London Transport Museum’s new exhibition unveils poster art’s hidden history

From the iconic Fly the Tube poster to designs by women at a time when few women worked, a new exhibition celebrating the art of poster design is opening at the London Transport Museum.

For over a century, London’s transport body has been commissioning artists to design posters to encourage people to travel by tube, train and bus, to go shopping, to go partying, to visit London’s cultural venues.

The new permanent exhibition shows off not just the posters themselves but also the many artists behind the designs and how they created their artwork in a manner that would allow them to be converted into posters.

Some of the more fascinating insights are the letters from the archives, either from artists thanking the commissioner for payment for the work and the reasonable levels of artistic freedom offered to the comments from the other side, sometimes asking for changes. One design included the back of a bus, and LT rep is commenting that the backs of buses aren’t very interesting to look at.

It was London Transport’s Frank Pick who was not only responsible for much of the focus on good design as part of his remit to knit together a number of disparate services with a single identity, but he was also the man who commissioned many women artists to work on poster designs.

In the decades before computer-aided design, some of the very early drafts on show here include the sticky labels and layers of print that show how they were constructed before the final version was photographed. I was interested to see a Heathrow extension poster appears to have had the station names changed part way through the design.

The legendary designer Abram Games, made miniatures of his designs so he could stand back to see how they would look from the average distance they would be seen by a member of the public.
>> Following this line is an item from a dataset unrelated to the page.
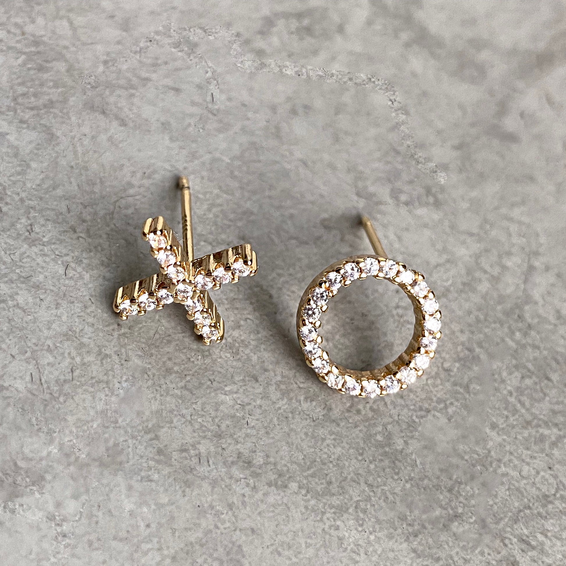 Handcrafted in 24k yellow gold thick plating over sterling, this sweet pair transitions from day to night with ease. Wear an X and an O on each ear, or take your style cue from Amy and layer them together on one ear!

One of them is included to show their impact on his art.

The designs on show are varied, often contemporary for their time, sometimes pushing at the edges of public acceptance.

As an exhibition, it’s a mix of seeing the evolution of poster design and how art trends changed over the decades and how transport itself has changed. And also society – I doubt you’d see many posters today promoting a trip to the theatre with images of an upper-class couple in black tie attire.

It can also be quite nostalgic if you spot a poster you particularly loved when it was used on the tube or in buses.

The exhibition opens on Friday at the London Transport Museum. The current selection of posters will be on display until 2025 before a refresh to show off a different selection. The exhibition is included in the standard entry charge to visit the museum.